I remember coming in a while later and seeing him with bright silver duct tape wrapped around his shirt in a makeshift splint. He couldn’t talk, but mom thought he’d broke a few ribs. To hear her tell the tale of finding the fourwheeler is a thing of beauty.

She wandered high and low around the pastures. With dad’s injuries she searched gullies, and ditches; assuming like most would have that he had flipped the ATV in a ditch rather than by inventing the most extreme animal sport in the good ole U.S. of A.. Much to her surprise she found the four wheeler sitting on all four wheels on a gently sloping curve of a hill. The only oddity was the occasional tuft of black angus hair sticking to grass and wafting on the breeze.

It took two days for my dad to regain the ability to speak. When he did, a legend was born. Dad had been riding after the calf, chasing him high and low. The young bull had zigged and zagged, bolted through brush and ditch without a care; and still my dad and the four wheeler had been on him like a cocklebur. But there on that gentle swell of a hill, when my father was in high gear because there were no ditches in sight, the calf turned the tables. Well, not so much the tables as he turned himself and lowered his head. Dad couldn’t brake or downshift fast enough. The four wheeler flew right up that cow’s neck and dad flew right off of it. He tried to kick away from the four wheeler, but did not succeed. When he came to he was alone, in pain, and only vaguely aware of the four wheeler idling quietly in the distance. He stood up, hurt enough to sit back down, and decided then and there that sitting back down was a bad idea. I’m pretty sure he crawled most of the way back to the house.

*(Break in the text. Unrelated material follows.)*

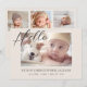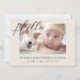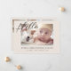 Script Baby Photo Modern Birn Announement . Cartão de aviso de nascimento com várias fotos, com lugar para uma foto de bebê na frente e três fotos menores na parte de trás. Design minimamente moderno com o guião Olá na frente do anúncio de nascimento.

Mom discovered later that he had a perfect 2”x2” square on his side. When he kicked off the four wheeler he went the wrong direction. The four wheeler had a square steel tube for a seeder bolted to the back and the full force of the flying machine centered on that tube as it landed upside down on his ribs and bounced off just as pretty as you do please. 

Clearly he should have got 10 points from the Russian judge for the excellent dismount.

Fun fact: three weeks later he reached for a towel and discovered that his shoulder had been dislocated the entire time. Do NOT try this one at home kiddies. Not only was dad beat up, that poor bull calf went crazy every time he heard an engine. Sheesh. Talk about PTSD.